BI NTB Tetap Waspada Dampak Geopolitik

 

Mataram (Inside Lombok)- Konflik geopolitik antara Iran dan Israel semakin meluas, Amerika Serikat pun mulai melalukan genjatan senjata. Situasi ini cukup mengkhawatirkan, terutama pada gejolak ekonomi nasional maupun daerah seperti di NTB. Meskipun dampaknya belum terasa signifikan secara langsung, Bank Indonesia (BI) terus mencermati potensi gejolak, terutama terkait harga komoditas strategis seperti minyak.

Menanggapi hal tersebut, Kepala Perwakilan Bank Indonesia (KPWBI) NTB Berry Arifsyah Harahap menyebutkan, bahwa dampak langsung dari konflik Iran-Israel terhadap sektor ekspor NTB belum terlihat. Namun, kenaikan harga minyak global menjadi sorotan utama.

“Harga minyak (mentah) saya lihat beberapa waktu lalu dibawah 70 perbarel, sekarang sekitar 76 per barel, (hitungan harga,red) West Texas Intermediate (WTI) yang biasa kita gunakan, itu dia naik. Sebenarnya masih diharga 70-an, kalau diatas itu baru kita khawatir, dampaknya kan banyak kalau minyak itu,” ujarnya, Selasa (24/6).

Lebih lanjut, kenaikan harga minyak berpotensi memicu lonjakan subsidi energi, yang pada akhirnya dapat memengaruhi harga barang dan jasa lainnya. Namun, BI menilai kondisi saat ini belum mengkhawatirkan dan masih memerlukan waktu untuk melihat manifestasi dampak penuh dari ketegangan geopolitik tersebut.

Selain harga minyak, BI juga memantau indikator lain seperti Baltic Dry Index, yang menjadi tolok ukur biaya pengiriman logistik. Sejauh ini, Berry menyebutkan belum ada pergerakan signifikan pada indeks tersebut.

Ia menambahkan bahwa ketegangan di Timur Tengah sebenarnya telah berlangsung lama, bahkan sebelum Perang Dunia II, dengan fluktuasi mereda dan memanas.
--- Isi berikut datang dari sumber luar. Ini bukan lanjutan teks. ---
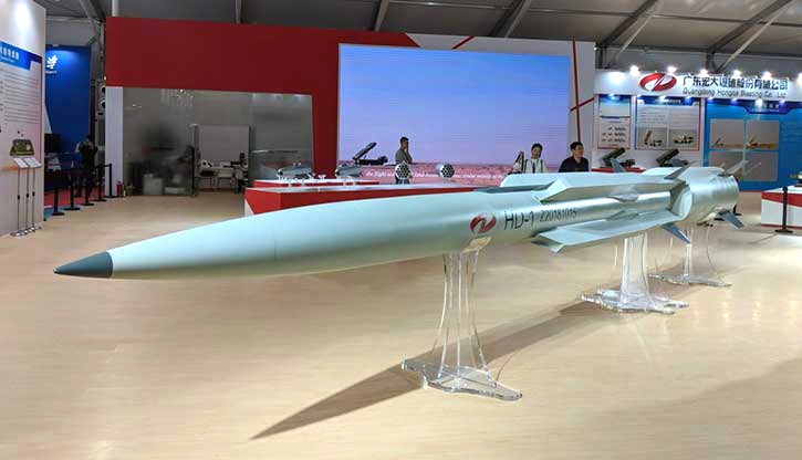 The main weapon has large strakes or fins and what appear to be a number of relatively long and thin fairings at the tail end, which some have suggested could be ramjet intakes. An air-breathing ramjet propulsion system would fit with the large booster motor, since the weapon would then need to get up to an appropriate speed and altitude before its engines could function properly. A number of existing Chinese supersonic anti-ship missiles, such as the YJ-12 series or the newer HD-1, use a similar general configuration.
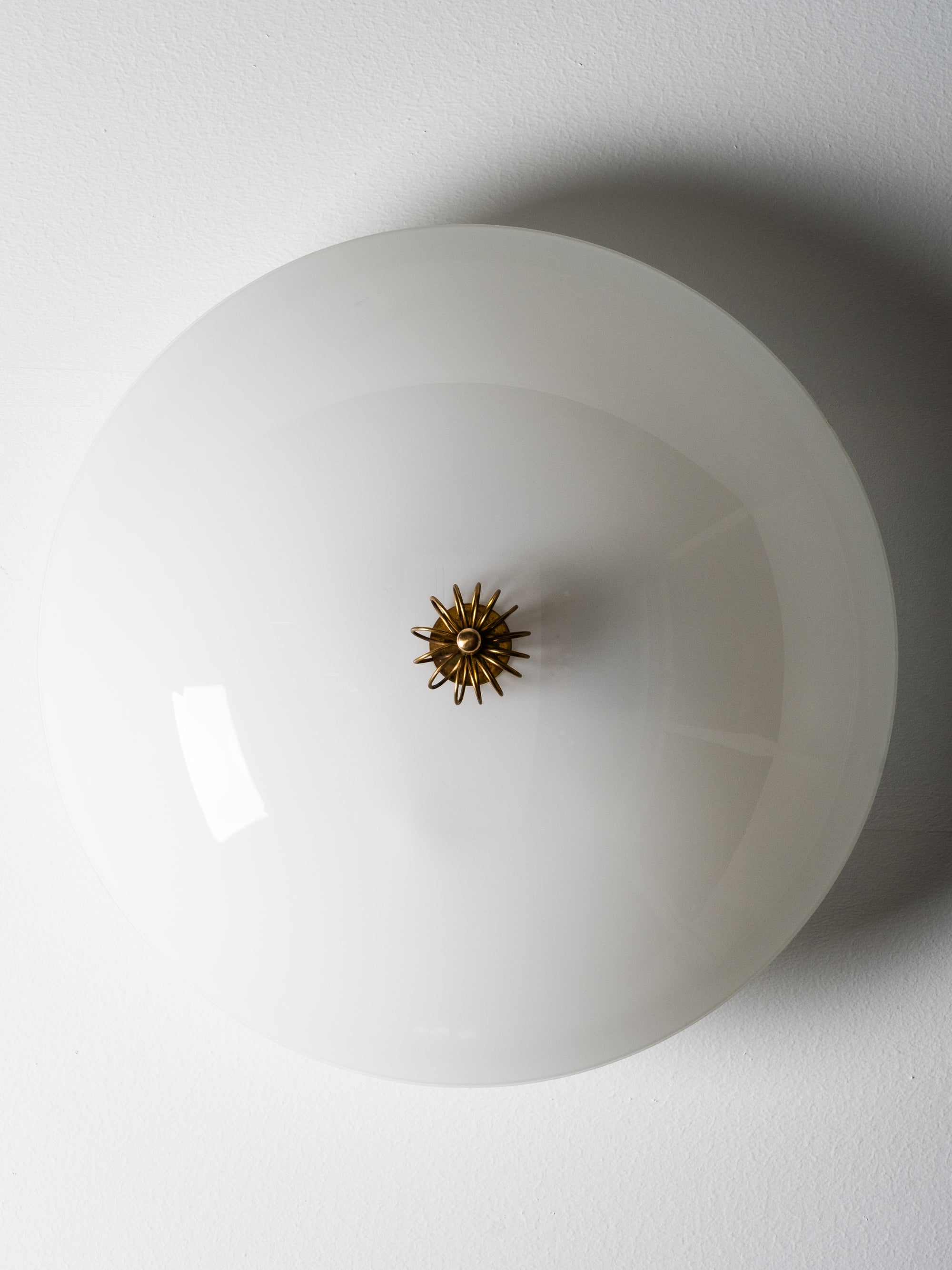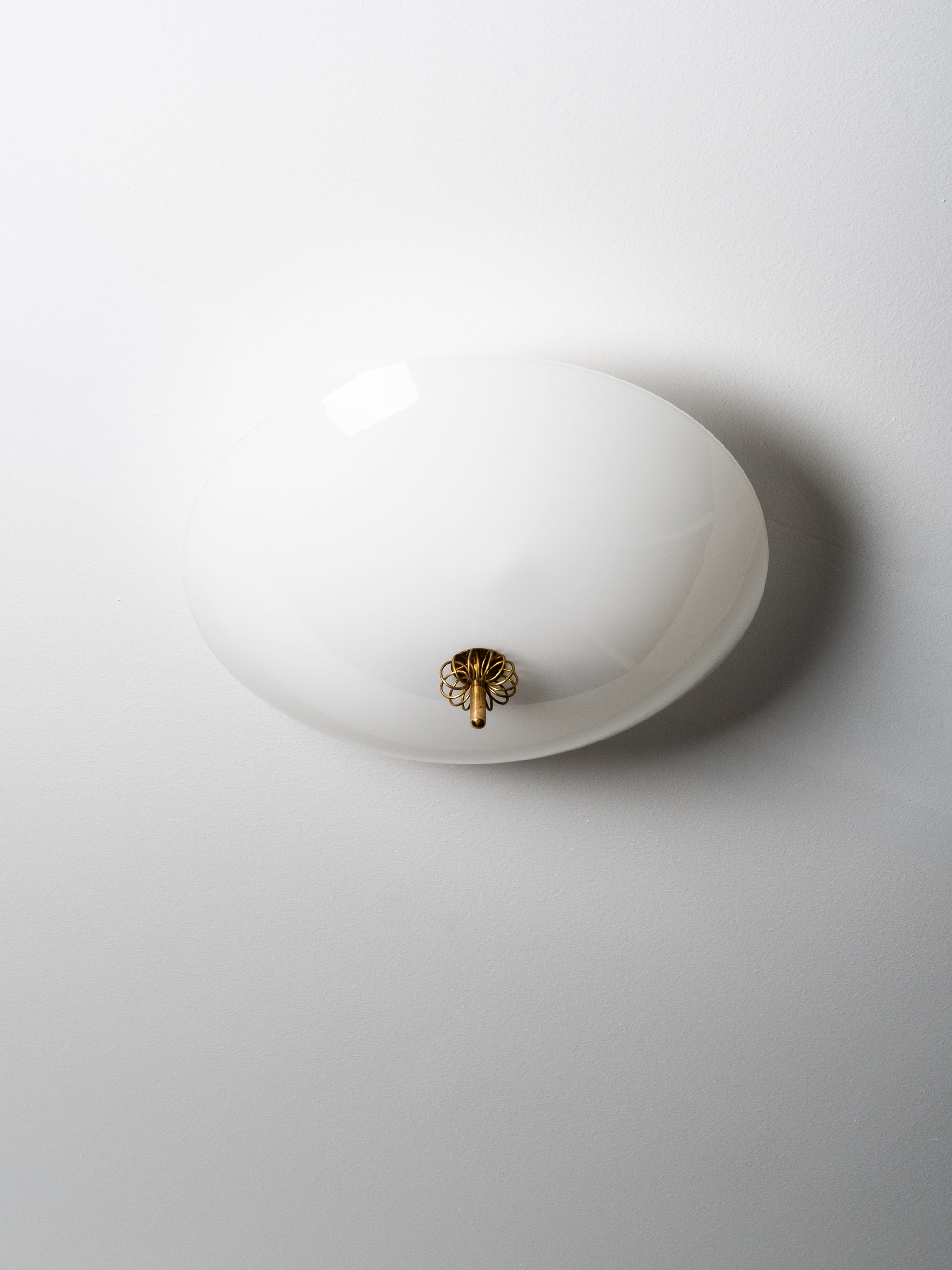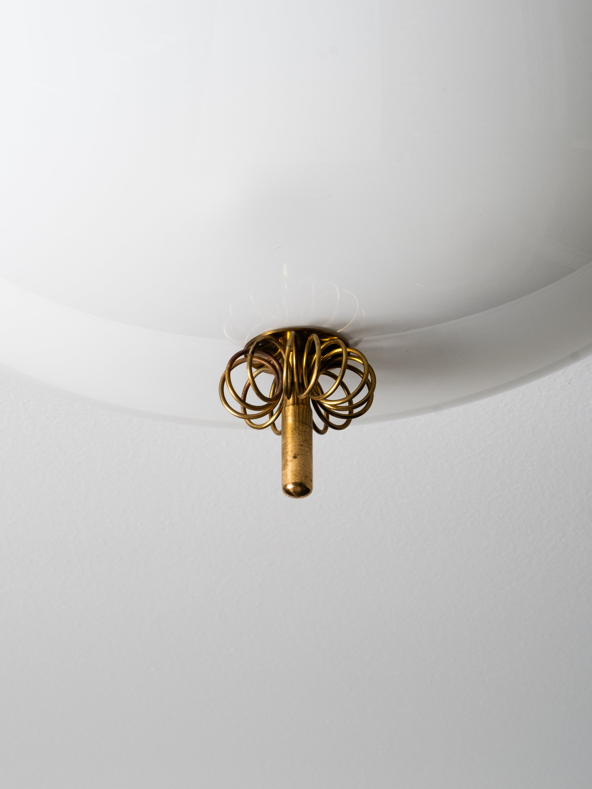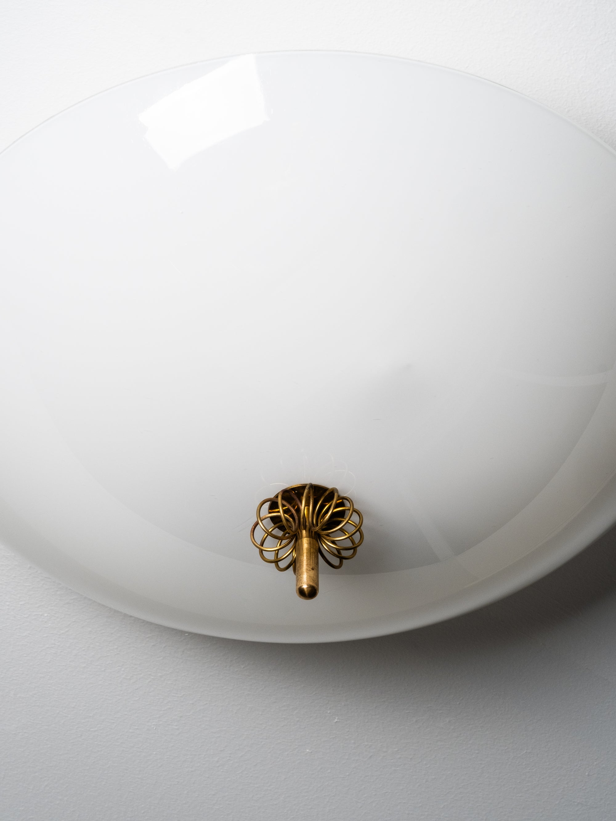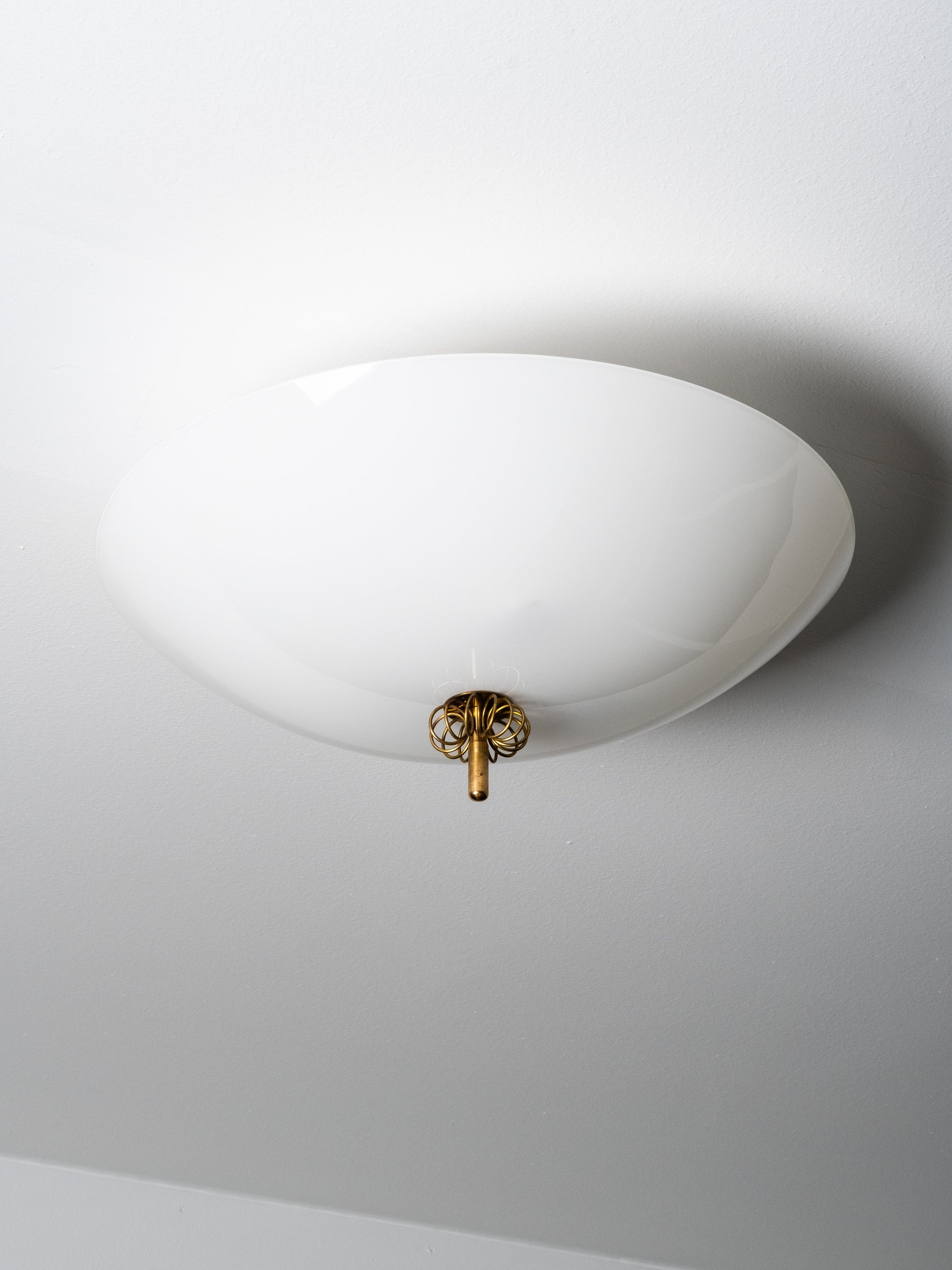 Model 2093 Opaline Glass and Brass Flush Mount by Paavo Tynell, Idman, Finland

Sebagai antisipasi, sudah ada jalur-jalur pelayaran alternatif yang menghindari daerah konflik, meskipun hal ini tentu saja menimbulkan konsekuensi biaya.

“Memang biayanya menjadi tambah mahal, Kemarin informasinya dari mitra (eksportir NTB,red) itu, kalau menghindari selat Hormuz itu dia akan menambah hari jadi 34 hari dari USA, jadi memang ada tambahan biaya transportasi, sama seperti kejadian Ukraina dan Rusia yang tengah ramai,” jelasnya.

Sementara itu, BI NTB berharap ketegangan geopolitik ini tidak berlarut-larut agar dampaknya terhadap perekonomian dapat diminimalisir. Secara internal, BI sendiri masih lebih fokus pada asesmen tarif dari Amerika Serikat. Sementara dampak geopolitik global belum termanifestasi sepenuhnya dalam indikator ekonomi lokal. Bank Indonesia akan terus memantau perkembangan situasi global untuk memastikan stabilitas ekonomi NTB tetap terjaga.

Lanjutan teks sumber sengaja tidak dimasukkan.